Job applications, loan requests, investment decisions — these important life choices often depend on algorithms nowadays.
However, the removal of human judgment doesn’t mean the removal of bias. Studies show systems dependent on artificial intelligence can exhibit discrimination, often against women and people of color.
Ellevest, an investing platform designed for women, has turned that problem on its head, putting an algorithm to use for the specific needs of female traders.
In a new interview, Ellevest Co-founder and CEO Sallie Krawcheck says the algorithm takes into account financial realities women face, such as the wage gap and career breaks. By factoring in the financial goals of women users, the platform supplies investing advice tailored for their needs.
Many popular investing apps fall short in serving women, Krawcheck said.
“We see it again and again, in business and in our society, that we will say this is for everyone, when in fact, it’s based on research done with men,” she says. “For years, women have died of heart attacks at too high a rate, because the symptoms that doctors were looking for were those that men manifest.”
“So much of the investing industry where, as you know, 98% of mutual fund dollars are managed by men and something like 99% of investment dollars are managed by companies majority owned by white men,” she says.
“They were building something that they thought, ‘This is for everybody,’ [and] what they did is — what we tend to do — build it for themselves,” she says. “So the investing was trading —buy low, sell high — the gamification of it.”
Women make up just 22% of professionals in AI and data science, a study from the Alan Turing Institute found last year. The gender disparity within the field is compounded by a gap among product users.
Women in low- and middle-income countries are 20% less likely to own a smartphone than men, according to data firm GSMA intelligence.
In contrast with apps that target day-trading opportunities to predominantly male investors, Ellevest focuses on the long term outlooks of women, Krawcheck said.
“What we found at Ellevest is that women are really looking to reach their goals,” she says. “So what we built was an investing algorithm that is 100%, based around getting her to that goal.”

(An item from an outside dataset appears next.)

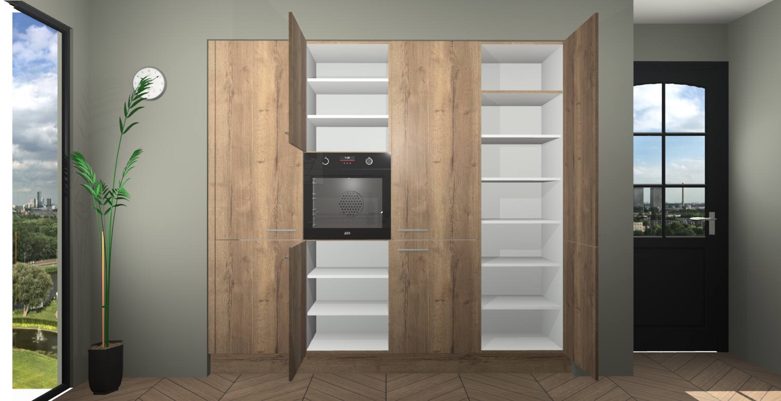 Dankzij de vele opbergruimte wordt praktisch elke centimeter van uw keuken optimaal benut, wat de ruimte een opgeruimde en sfeervolle uitstraling geeft. Bovendien zijn we er trots op dat we een snelle levering van 7 weken en een vaste lage prijs kunnen bieden, zodat u deze prachtige keuken in een mum van tijd in huis hebt!

“For example, ‘I want to buy a house in five years,'” she adds. “This is how Ellevest helps her calculate: This is how much you can afford, this is what you need to input. That’s what the investing algorithm does.”

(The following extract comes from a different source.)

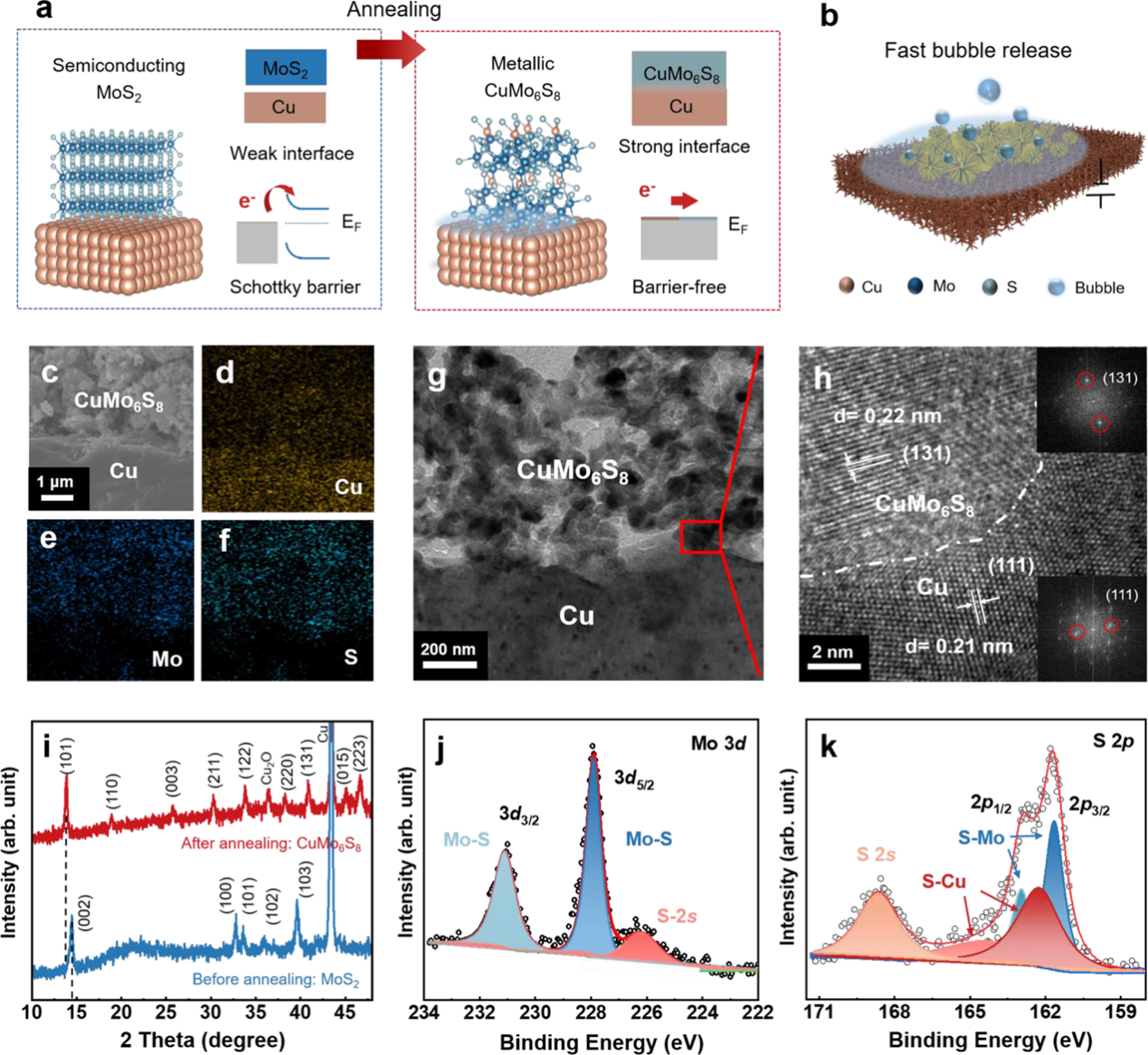 近日,清华大学深圳国际研究生院刘碧录团队创制出一种基于双界面设计的同源金属电极。该电极以优化催化剂与基底以及催化剂与气泡的双界面为出发点,解决了大电流密度制氢下的传质、界面力学、界面电导三大难题。这种同源金属催化剂通过MoS2和Cu的原位高温反应制备,将半导体相MoS2转成具有金属性质的Chevrel相CuMo6S8,这种一体化结构有效消除了半导体-金属接触的界面肖特基势垒。由于电极表面催化剂与基底具有强的化学键结合,且电极展现出全金属性质以及超亲水状态,因此有效提升了催化剂/基底界面结合力并降低了催化剂/气泡界面粘附力,在增强电极稳定性的同时加速了析氢反应的动力学,展现出优异的电催化析氢性能。该电极在2.5 A cm-2下仅需321mV的过电位,在1 A-2.5 A cm-2级别的大电流密度下稳定运行300小时性能无衰减。此外,前驱体MoS2可取自天然矿石辉钼矿,成本比贵金属铂降低2-5个数量级,与目前的大电流密度催化剂相比具有更大的成本优势。

“‘I want to have a baby in X number of years, I want to retire in y number of years,'” she says. “So the inputs in the algorithm tend to say your salary is going to peak sooner.”

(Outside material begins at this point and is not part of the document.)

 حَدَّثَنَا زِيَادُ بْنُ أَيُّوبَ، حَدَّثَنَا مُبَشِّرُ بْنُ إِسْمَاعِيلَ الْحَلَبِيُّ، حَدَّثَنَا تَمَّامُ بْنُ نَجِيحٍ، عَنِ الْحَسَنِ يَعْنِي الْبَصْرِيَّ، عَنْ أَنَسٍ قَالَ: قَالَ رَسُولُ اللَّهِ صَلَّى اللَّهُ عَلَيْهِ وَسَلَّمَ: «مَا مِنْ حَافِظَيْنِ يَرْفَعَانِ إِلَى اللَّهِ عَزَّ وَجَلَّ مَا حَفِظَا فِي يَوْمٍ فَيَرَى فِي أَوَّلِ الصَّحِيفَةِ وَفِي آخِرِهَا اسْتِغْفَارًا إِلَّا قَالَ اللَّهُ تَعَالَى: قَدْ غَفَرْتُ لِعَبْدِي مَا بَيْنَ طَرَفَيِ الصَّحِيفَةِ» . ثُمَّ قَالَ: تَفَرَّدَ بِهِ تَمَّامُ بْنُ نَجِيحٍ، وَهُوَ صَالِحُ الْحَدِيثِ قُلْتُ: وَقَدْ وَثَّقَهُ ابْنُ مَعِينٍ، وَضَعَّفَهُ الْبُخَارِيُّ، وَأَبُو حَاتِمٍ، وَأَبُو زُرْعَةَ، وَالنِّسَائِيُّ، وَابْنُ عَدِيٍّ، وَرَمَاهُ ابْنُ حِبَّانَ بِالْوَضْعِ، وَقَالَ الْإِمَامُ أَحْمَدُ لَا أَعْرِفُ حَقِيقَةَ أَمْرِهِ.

Prior to co-founding Ellevest, Krawcheck led the Wealth Management divisions at both Merrill Lynch and Citi. She began her career on Wall Street as a junior analyst at Solomon Brothers in the late 1980s.
Speaking to Yahoo Finance, Krawcheck said attempts to play the market in the short term often lead investors astray.
“We tell our women, ‘Investing should be sort of boring,'”she says “It shouldn’t be all about making the calls.”